Every line below from the one with "4. 大きいサイズ Rin" through the one with "We get a SparkNotes-style" is to be repeated exactly, with no picture among them.

------------------------------------------------------------

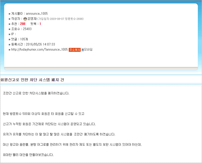 이름과 실재가 다른 사이트. 오늘의 유머라지만 유우머는 쥐뿔도 없는 노잼 사이트.
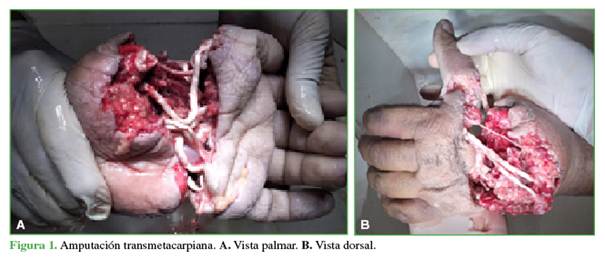 interóseos palmares estaban arrancados por tracción.
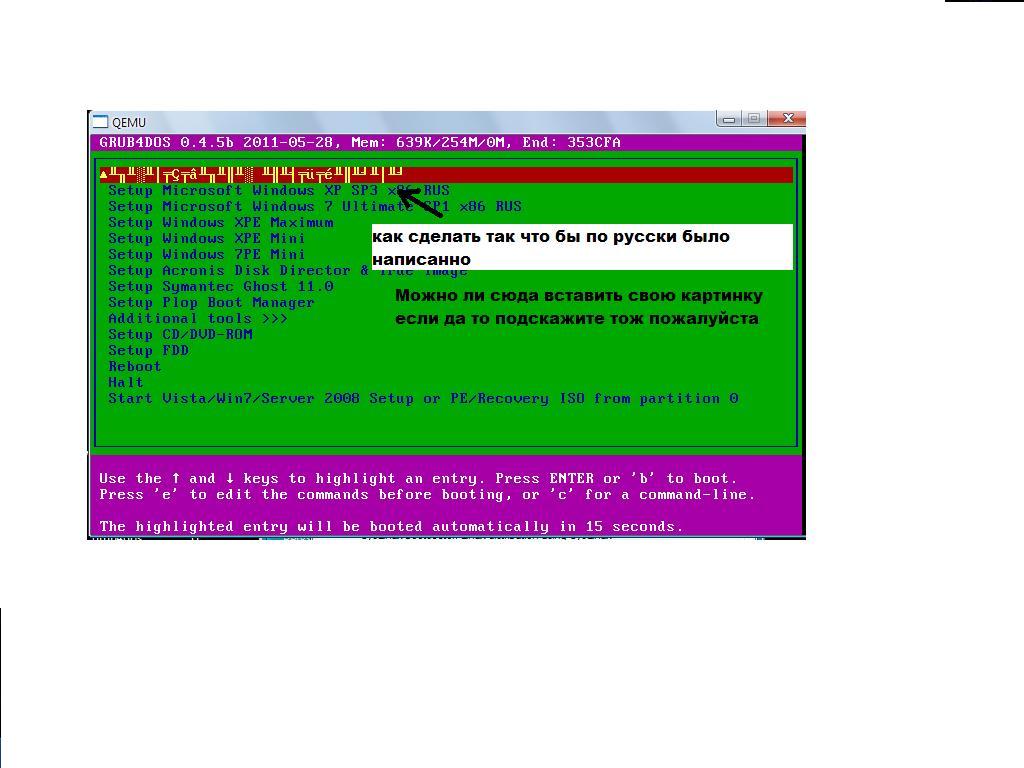 Сделал мультизагрузочную флэшку, но не знаю как заменить буквы английские на русские, при обычной замене не отображаються. И как вставить свою картинку? Помогите если кто знает я очень хочю научиться фото и код в блокноте ниже. Подскажите что на что заменить в нём что-бы отобразились русские буквы.
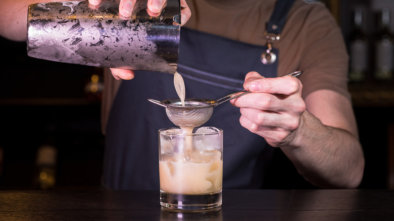 Typically, one fluid ounce of aquafaba (2 tablespoons) can replace a single egg white in a cocktail recipe. From there, simply follow the rest of the recipe's instructions. For example, if you're making a whiskey sour with aquafaba, toss the ingredients into a shaker without ice (this is called dry shaking) and give it a vigorous shake to properly aerate and mix the ingredients (try toasted sugar to make it even tastier), before adding ice and giving it a second shake. Pour into the glass, garnish, and serve.
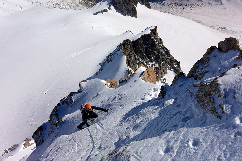 Climbing along the sharp ridge of the Entreves. Almost to the summit. |
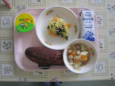 ココア揚げパン 牛乳 野菜とウインナーのスープ煮 ゆで野菜 和風ドレッシング はちみつレモンゼリー
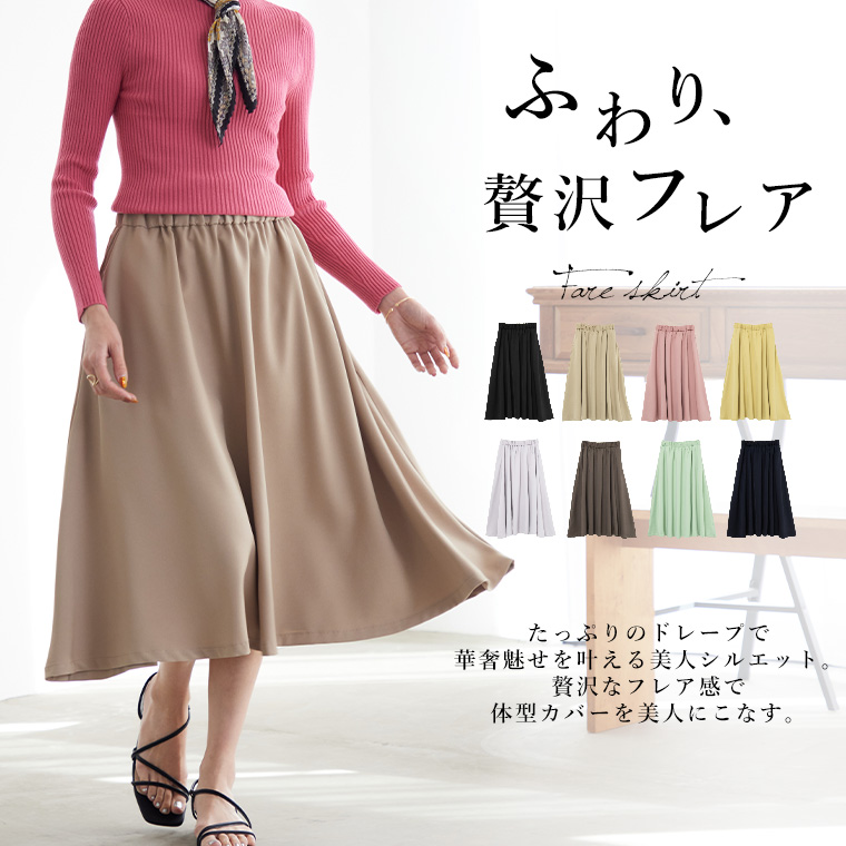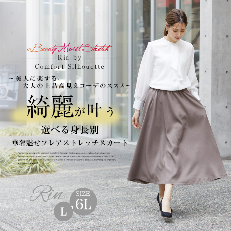 4. 大きいサイズ Rin 低身長さん 高身長さん対応 私サイズで綺麗が叶う 選べる身長別の華奢魅せ ストレッチ 美人 フレアスカート
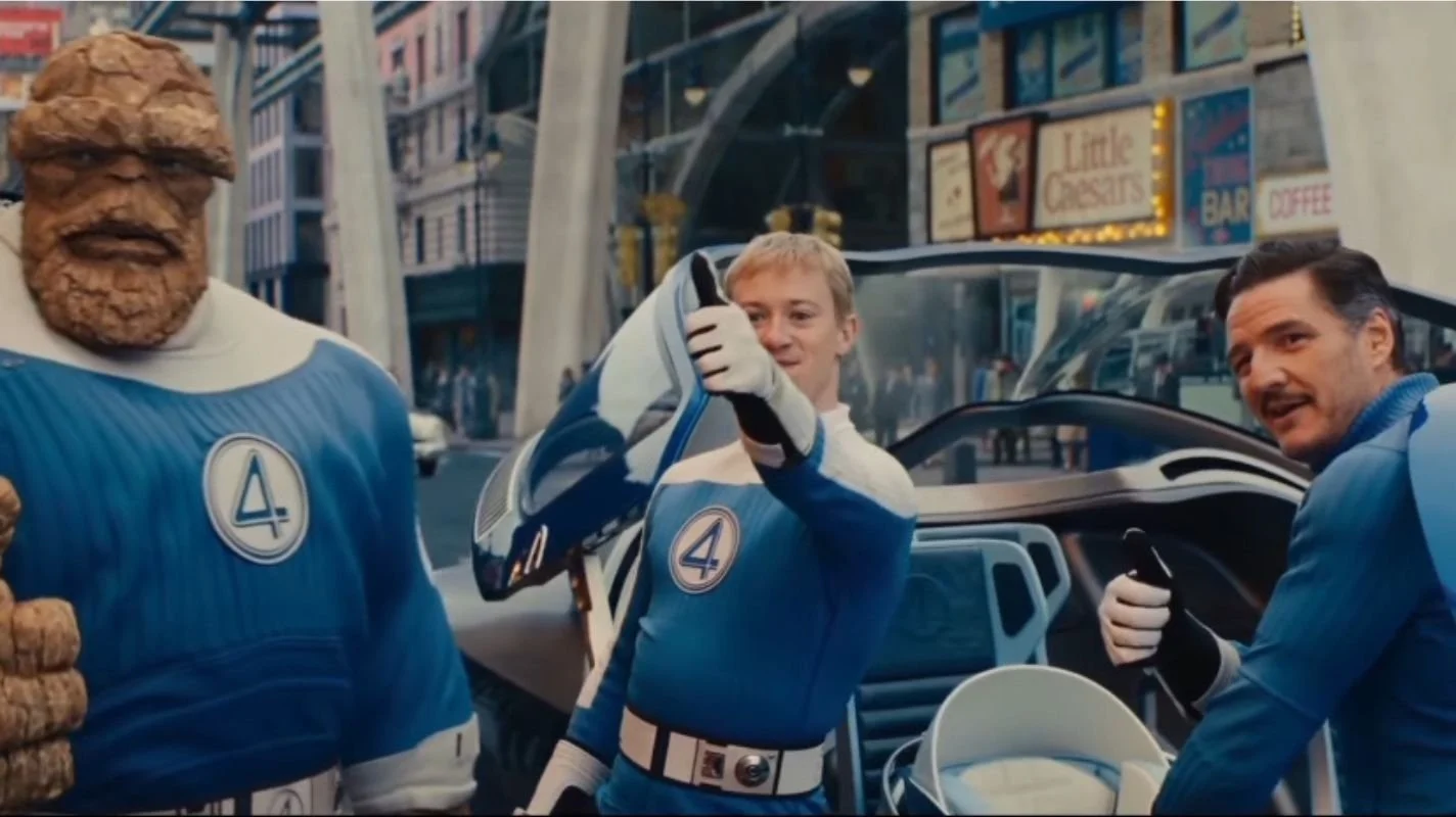 We get a SparkNotes-style montage about the four astronauts who return to Earth with powers after being exposed to cosmic rays, becoming the protectors of Earth-828. Pedro Pascal plays Reed Richards (Mr. Fantastic), Vanessa Kirby is Sue Storm (Invisible Woman), Joseph Quinn brings Johnny Storm (Human Torch) to life, and Ebon Moss-Bachrach gives us Ben Grimm (The Thing). They feel like a real family. And we meet them right in the middle of it all, just as they’re about to welcome a tiny new addition to the team.
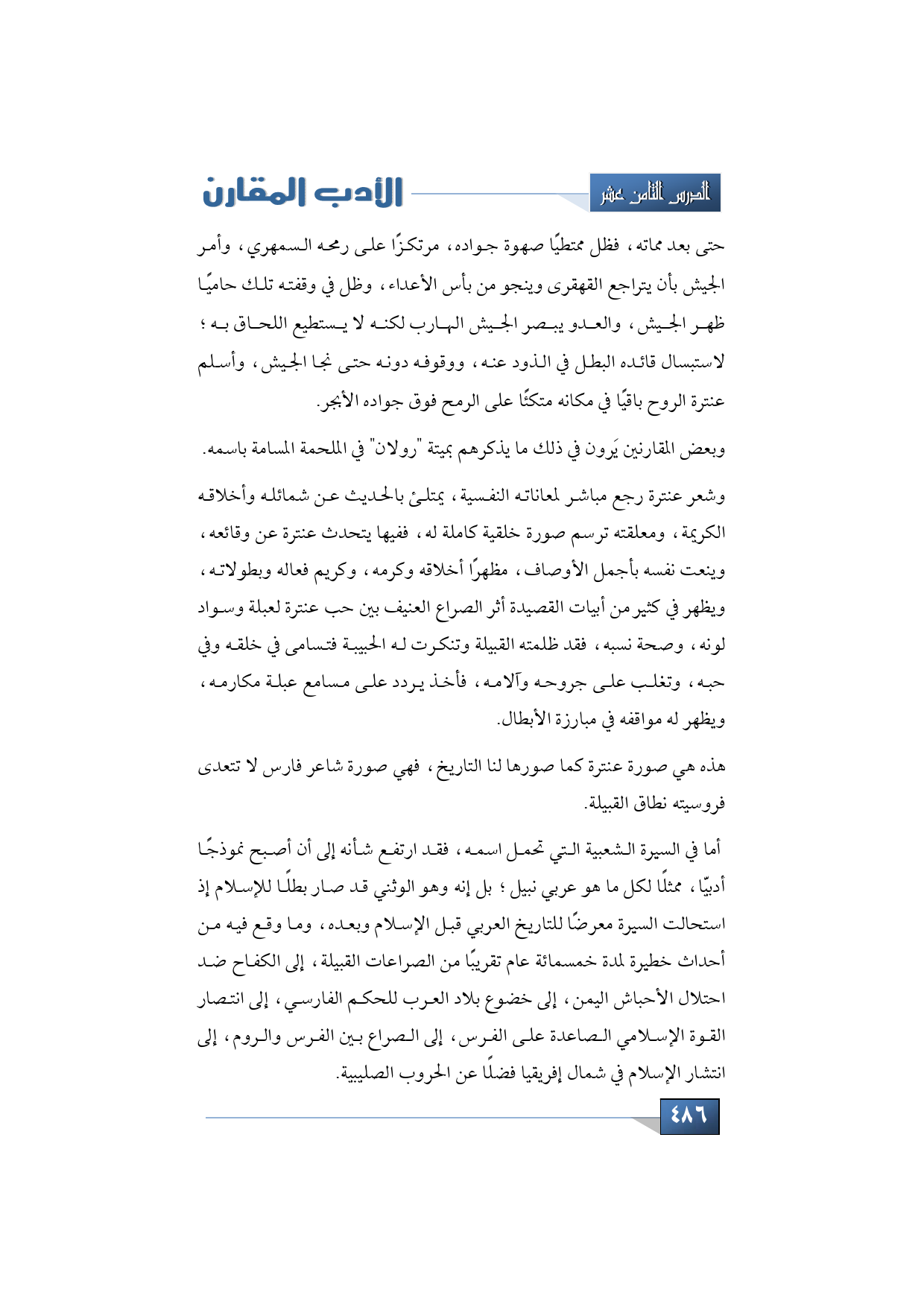 هذه هي صورة عنترة كما صورها لنا التاريخ، فهي صورة شاعر فارس لا تتعدى فروسيته نطاق القبيلة، أما في السيرة الشعبية التي تحمل اسمه، فقد ارتفع شأنه إلى أن أصبح نموذجًا أدبيّا، ممثلًا لكل ما هو عربي نبيل؛ بل إنه وهو الوثني قد صار بطلًا للإسلام إذ استحالت السيرة معرضًا للتاريخ العربي قبل الإسلام وبعده، وما وقع فيه من أحداث خطيرة لمدة خمسمائة عام تقريبًا من الصراعات القبيلة، إلى الكفاح ضد احتلال الأحباش اليمن، إلى خضوع بلاد العرب للحكم الفارسي، إلى انتصار القوة الإسلامي الصاعدة على الفرس، إلى الصراع بين الفرس والروم، إلى انتشار الإسلام في شمال إفريقيا فضلًا عن الحروب الصليبية.

------------------------------------------------------------

_Written response_
 4. 大きいサイズ Rin 低身長さん 高身長さん対応 私サイズで綺麗が叶う 選べる身長別の華奢魅せ ストレッチ 美人 フレアスカート
 We get a SparkNotes-style montage about the four astronauts who return to Earth with powers after being exposed to cosmic rays, becoming the protectors of Earth-828. Pedro Pascal plays Reed Richards (Mr. Fantastic), Vanessa Kirby is Sue Storm (Invisible Woman), Joseph Quinn brings Johnny Storm (Human Torch) to life, and Ebon Moss-Bachrach gives us Ben Grimm (The Thing). They feel like a real family. And we meet them right in the middle of it all, just as they’re about to welcome a tiny new addition to the team.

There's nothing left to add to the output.